About this task →
In this exercise, print only the lines of the records below from the one with "採取した川を並べてみた。鶴見川だけが濁っている" through the one with "Pápež František vystupuje", inclusive. Pictures are not part of the copy.

Available data →

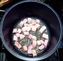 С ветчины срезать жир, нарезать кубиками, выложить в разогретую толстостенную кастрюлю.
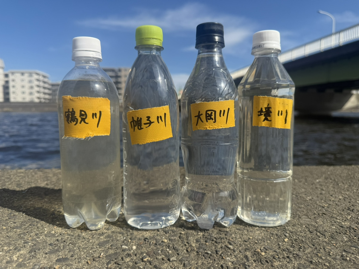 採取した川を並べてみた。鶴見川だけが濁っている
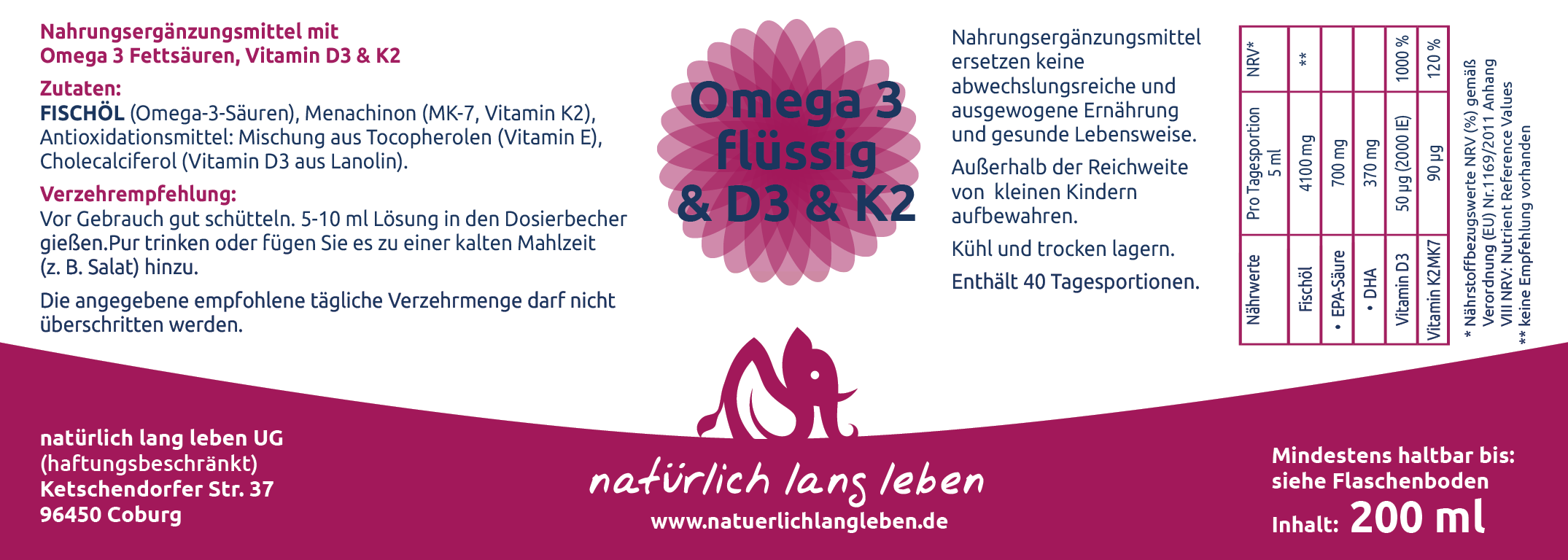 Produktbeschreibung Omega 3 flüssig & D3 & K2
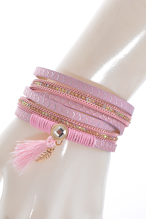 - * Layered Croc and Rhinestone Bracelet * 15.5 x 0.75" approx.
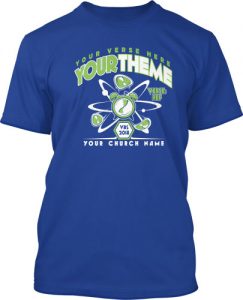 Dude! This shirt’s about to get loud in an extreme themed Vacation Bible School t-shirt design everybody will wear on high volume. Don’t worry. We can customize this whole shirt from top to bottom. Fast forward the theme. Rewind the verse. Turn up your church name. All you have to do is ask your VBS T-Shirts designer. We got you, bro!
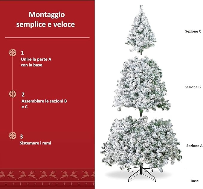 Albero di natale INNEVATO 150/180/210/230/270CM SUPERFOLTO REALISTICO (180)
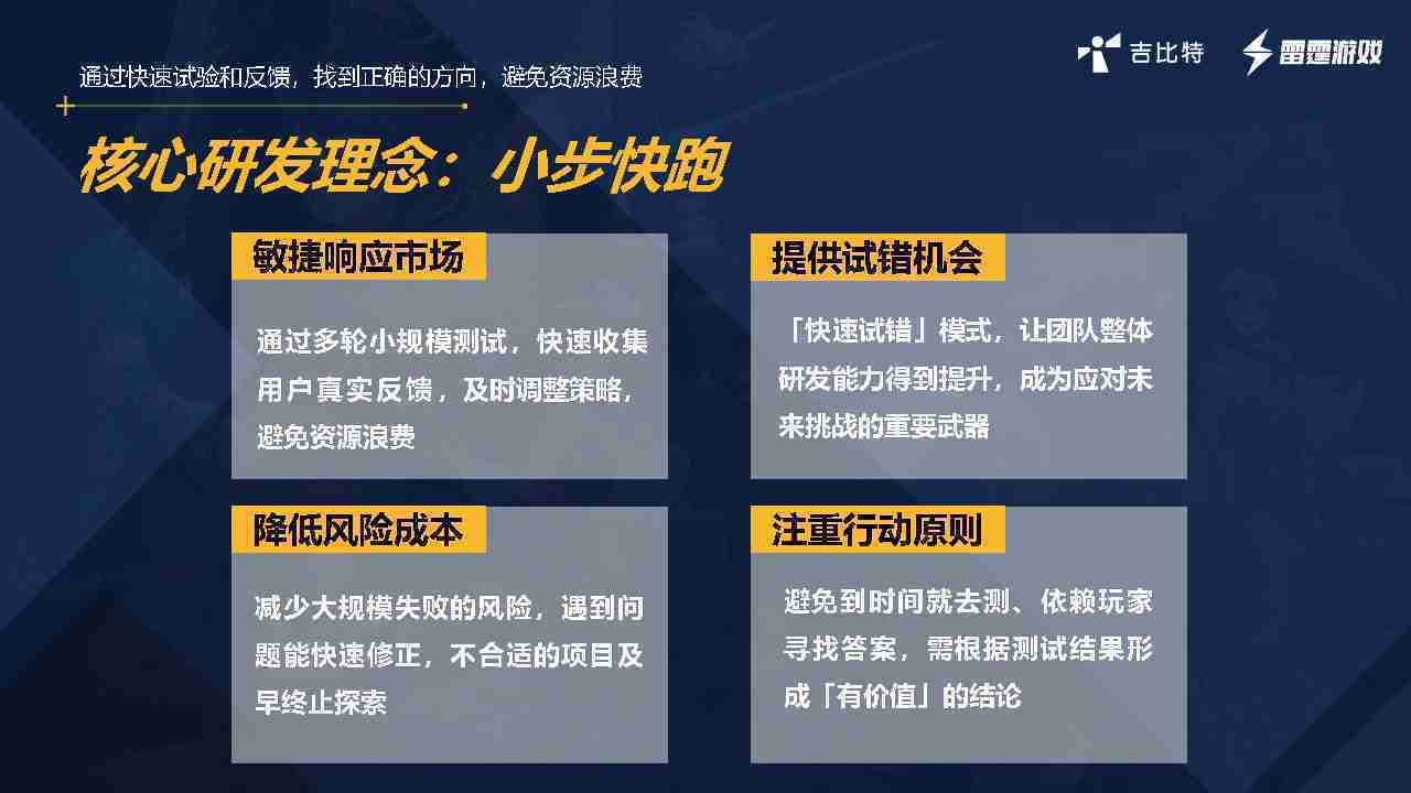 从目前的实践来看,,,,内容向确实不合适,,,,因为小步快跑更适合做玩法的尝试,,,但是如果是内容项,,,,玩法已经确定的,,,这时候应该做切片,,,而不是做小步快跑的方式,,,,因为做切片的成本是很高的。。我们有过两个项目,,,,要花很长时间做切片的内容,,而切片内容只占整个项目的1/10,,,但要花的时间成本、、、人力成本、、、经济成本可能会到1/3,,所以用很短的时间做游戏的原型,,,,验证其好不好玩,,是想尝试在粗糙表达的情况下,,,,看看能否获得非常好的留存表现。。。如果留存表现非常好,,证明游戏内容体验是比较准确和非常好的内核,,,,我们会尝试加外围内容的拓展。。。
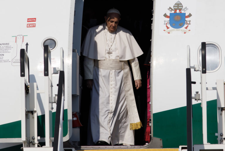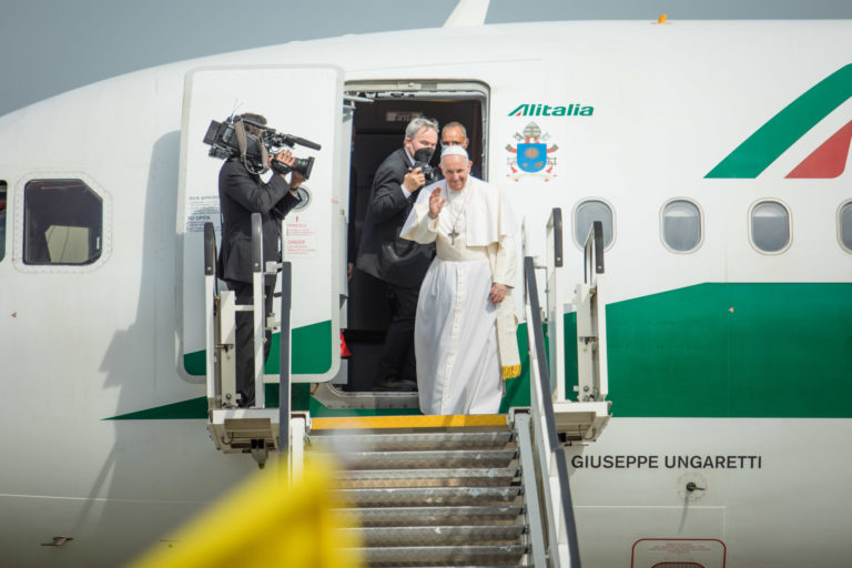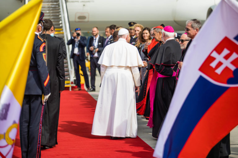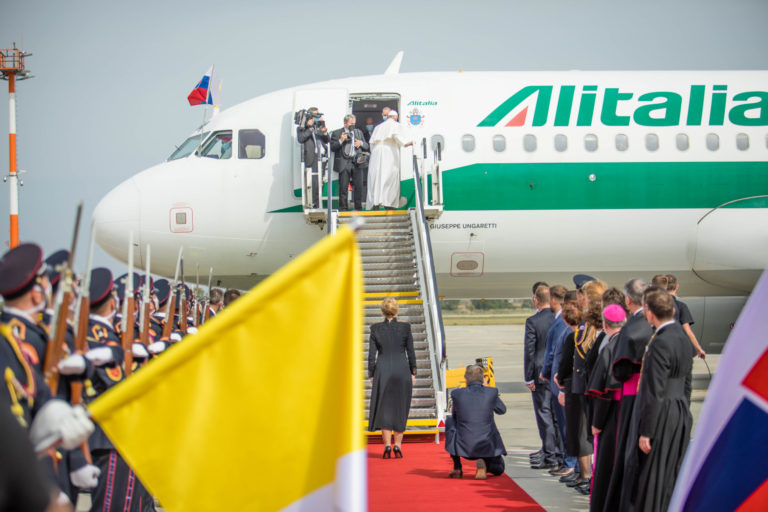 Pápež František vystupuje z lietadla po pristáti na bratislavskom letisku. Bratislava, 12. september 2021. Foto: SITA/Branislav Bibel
...
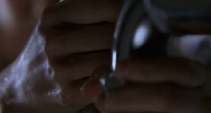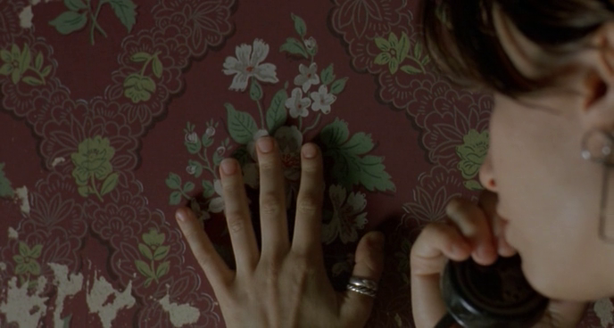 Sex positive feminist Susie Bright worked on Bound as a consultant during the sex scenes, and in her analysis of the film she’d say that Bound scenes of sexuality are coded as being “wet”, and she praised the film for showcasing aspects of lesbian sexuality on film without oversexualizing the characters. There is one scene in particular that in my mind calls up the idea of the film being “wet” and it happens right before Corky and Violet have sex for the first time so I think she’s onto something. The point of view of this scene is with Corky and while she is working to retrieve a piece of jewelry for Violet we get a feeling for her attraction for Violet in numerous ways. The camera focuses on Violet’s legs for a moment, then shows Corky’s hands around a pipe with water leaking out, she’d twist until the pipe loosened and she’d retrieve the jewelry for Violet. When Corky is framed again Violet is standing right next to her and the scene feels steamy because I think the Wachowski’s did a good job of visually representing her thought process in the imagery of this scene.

Written response →
 採取した川を並べてみた。鶴見川だけが濁っている
 Produktbeschreibung Omega 3 flüssig & D3 & K2
 - * Layered Croc and Rhinestone Bracelet * 15.5 x 0.75" approx.
 Dude! This shirt’s about to get loud in an extreme themed Vacation Bible School t-shirt design everybody will wear on high volume. Don’t worry. We can customize this whole shirt from top to bottom. Fast forward the theme. Rewind the verse. Turn up your church name. All you have to do is ask your VBS T-Shirts designer. We got you, bro!
 Albero di natale INNEVATO 150/180/210/230/270CM SUPERFOLTO REALISTICO (180)
 从目前的实践来看,,,,内容向确实不合适,,,,因为小步快跑更适合做玩法的尝试,,,但是如果是内容项,,,,玩法已经确定的,,,这时候应该做切片,,,而不是做小步快跑的方式,,,,因为做切片的成本是很高的。。我们有过两个项目,,,,要花很长时间做切片的内容,,而切片内容只占整个项目的1/10,,,但要花的时间成本、、、人力成本、、、经济成本可能会到1/3,,所以用很短的时间做游戏的原型,,,,验证其好不好玩,,是想尝试在粗糙表达的情况下,,,,看看能否获得非常好的留存表现。。。如果留存表现非常好,,证明游戏内容体验是比较准确和非常好的内核,,,,我们会尝试加外围内容的拓展。。。
 Pápež František vystupuje z lietadla po pristáti na bratislavskom letisku. Bratislava, 12. september 2021. Foto: SITA/Branislav Bibel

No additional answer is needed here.